Plug and play: While most of the world saw the mRNA platform as an approach appearing out of nowhere, this overnight success took 15 years. The platform was waiting for the right use case. Most vaccines use inactivated or weakened viruses or create a lab-developed artificial protein for each targeted virus or bacterium. The mRNA platform just required the virus’s genetic sequence to insert, so the cells could make spike proteins to activate the immune system’s antibody production against the coronavirus.
Manufacturing: The proteins and viral fragments used in other vaccine types can take longer to produce than mRNA molecules. These other vaccines often use eggs or yeast as a growth medium, but the mRNA molecules are chemically synthesized, making the process easier to scale.
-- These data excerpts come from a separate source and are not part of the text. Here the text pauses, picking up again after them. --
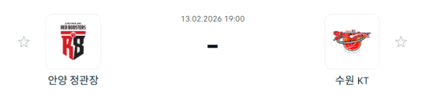| 서울 SK vs 안양 정관장 | KBL (02/15) (0) | 2026.02.15 |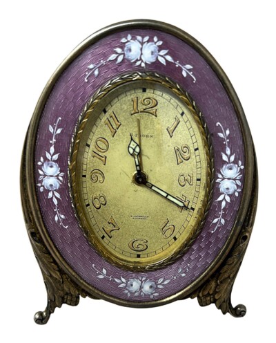 A Gübelin Swiss Desk/Travel Clock Guilloché Enamelled Silver .935 with Alarm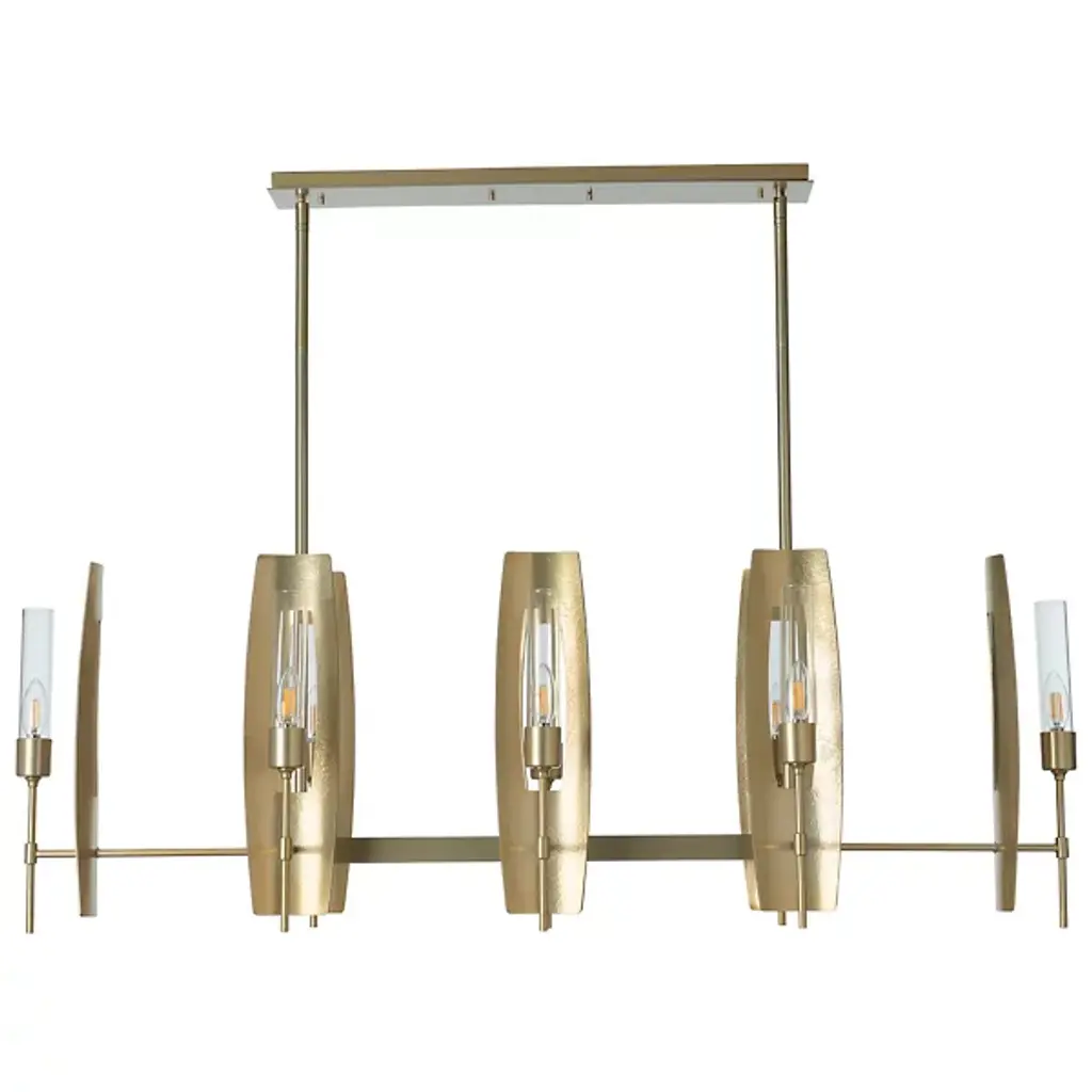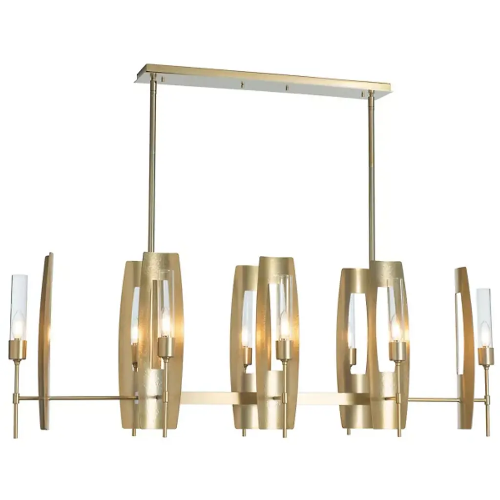 Introducing the Passage 8-Light Linear Suspension, a subtle yet striking addition from the Hubbardton Forge Family Collection. In keeping with the transitional theme, this fixture exemplifies master craftsmanship employing both steel and glass as its primary materials. The pendant encapsulates a linear light fixture shape, predominately adorned by a stunning cylinder-shaped glass shade. Designed to be hardwired into your home, the Passage Pendant offers a versatile addition to various rooms in your household such as your living room, hallway or home office.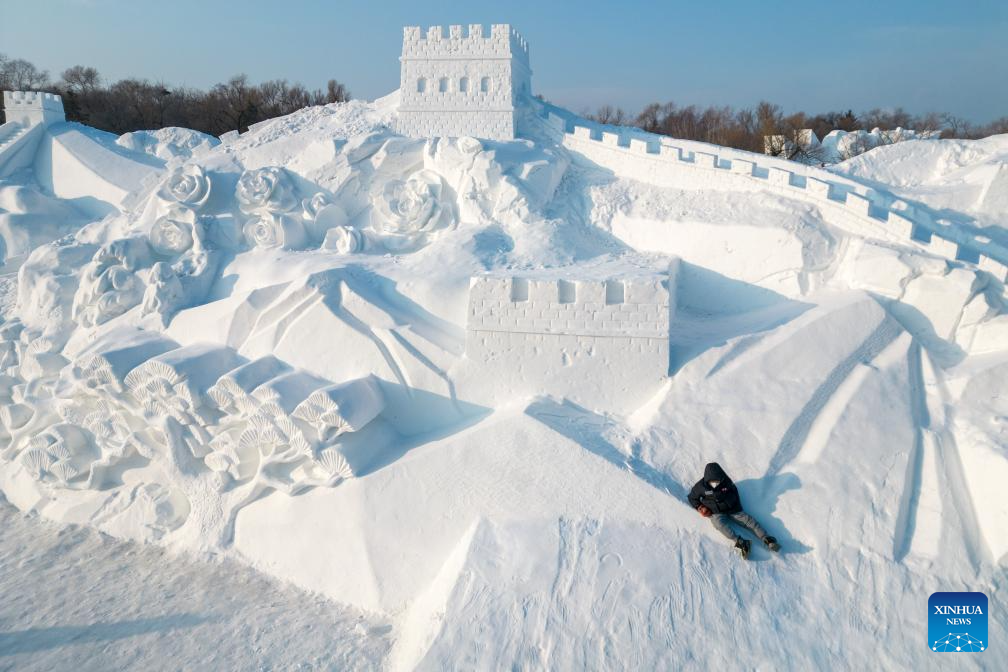 An aerial drone photo taken on Jan. 6, 2025 shows a tourist having fun at the Harbin Ice-Snow World in Harbin, northeast China's Heilongjiang Province. Harbin, with its rich ice and snow resources and a diverse array of winter activities, has emerged as one of China's top winter travel destinations. (Xinhua/Zhang Tao)

Faster future vaccine development
Getting a vaccine into the market in less than a year was inspirational and life-saving, no doubt about it. The process brought a spotlight and energized the vaccine discovery process, with candidates increasing by 30% in the last 5 years, with McKinsey attributing that to the pandemic response. The COVID-19 vaccine had a multimodal army behind it, with funding, multi-stakeholder cooperation, scientific attention, data sharing, regulatory speed, and manufacturing dedication. Plus, the business case for this vaccine was so strong that each party involved gave it unprecedented attention for it to succeed.
Vaccine development times overall have shortened in recent years, thanks to the pandemic. McKinsey found several vaccines that began development in 2021, with potential or anticipated approval dates 30 to 40 months (2.5 to 3.3 years) after their development began. Two of those use the mRNA platform (RSV and influenza from Moderna) and two do not (influenza from Pfizer and pneumococcal from Vaxcyte). Still others, malaria, RSV, and pneumococcal vaccines, are anticipating approval 50 to 58 months (4.2 to 4.8 years) from their initial development efforts.
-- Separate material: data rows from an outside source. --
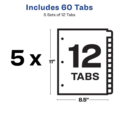Create customized tabs fast with these Avery EcoFriendly Index Maker clear label dividers. Easily create print shop quality personalized binder dividers with tabs while staying environmentally-friendly with Avery EcoFriendly Index Maker Clear Label Dividers. Made from 100% post-consumer recycled paper, these 3 ring binder dividers with tabs are a great addition to your medical office supplies, school binders, personal organizers, tax office supplies, presentation reports and more. Customize the title tabs for your dividers quickly and easily using the free templates on the Avery website and print with your inkjet or laser printer for clean, professional looking results in minutes. This pack comes with 5 sets of 12 tab dividers, and the Easy Apply clear label strips make it simple to apply all 12 labels of each set at once. Just print, align labels against tabs, smooth down labels and peel up strip. Each 3-hole punched durable divider also features doubled-sided, reinforced tabs and edges to help resist tearing for long-lasting, everyday use. Print, peel, and press your way to a perfect, precise project. Eco-friendly tabbed dividers are made from 100% recycled paper and feature doubled-sided reinforced tabs and edges for extra durability. Save time and money by creating your own high-quality custom tab dividers using free templates from the Avery website and printing on your laser or inkjet printer. Label all 12 tab dividers at once with the Index Maker Easy Apply Label strip that results in five perfectly aligned sets of tabs. Get a professional, printed-on look with clear labels that virtually disappear on the white divider tabs. Great for organizing your medical document binder, meeting materials, proposals, tax organizer binder, financial planner and more. Tab dividers let you organize projects, personal documents, and more. White in color and made of paper. Dimensions: 8.5″W x 11″L. Three-hole punched and ready for use. They..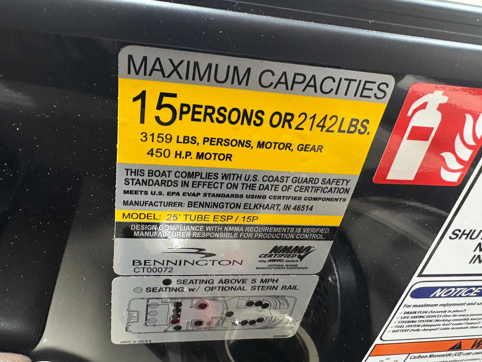 The Bennington 25 Qsba ESP is as practical as it is luxurious. Its generous length provides ample storage space for gear, water toys, and personal items, keeping the deck clutter-free and organized. The Yamaha Integrated Steering Pre-Rig makes docking and maneuvering simple, even for those new to boating. With its efficient engine and streamlined design, you can enjoy extended outings without worrying about excessive fuel consumption.This pontoon boat is perfect for a variety of activities, from leisurely cruises and sunbathing to lively gatherings and watersports. The advanced audio system transforms the boat into a floating entertainment center, while the comfortable seating and spacious layout make it easy to host guests or relax with loved ones. The combination of style, performance, and practicality makes the Bennington 25 Qsba ESP a versatile choice for any boating enthusiast.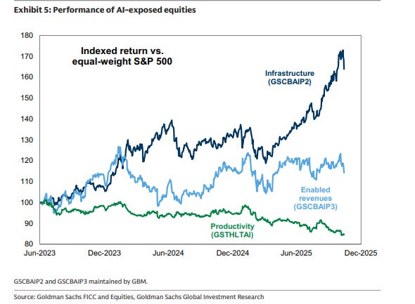 Goldman’s David Kostin drew up three baskets of AI-related stocks: those building infrastructure (data centres), those standing to gain revenue from AI applications, and those with productivity problems that stand to benefit most from it.

The pandemic also moved vaccine development along by funding research into multiple technologies, such as protein nanoparticle-based vaccines. Not every vaccine is a good fit for the mRNA platform, so finding new and faster ways to manufacture and deliver vaccines is essential to addressing public health issues.
Aside from a potential future pandemic, subsequent vaccines will not have that combination of money and stakeholder focus, which means creating a vaccine in less than 12 months isn’t likely. But it can—and sometimes will—be faster than before. There’s already a time savings seen with reduced gaps between clinical trial phases.
People can benefit from vaccines for various illnesses and the recent attention should especially help make the development and testing process easier and for vaccines needed in underdeveloped areas. CEPI and other organizations are working to derisk the process for developers and manufacturers. Industry has often partnered with academia, but the collaborations for the COVID vaccine extended far beyond and are likely to continue.
The world is in a better place with pandemic preparedness given the knowledge gained from our COVID vaccine experience. The same level of attention won’t be provided for all vaccine needs, but we can apply the lessons, from research to public health campaigns, to advance global health moving forward.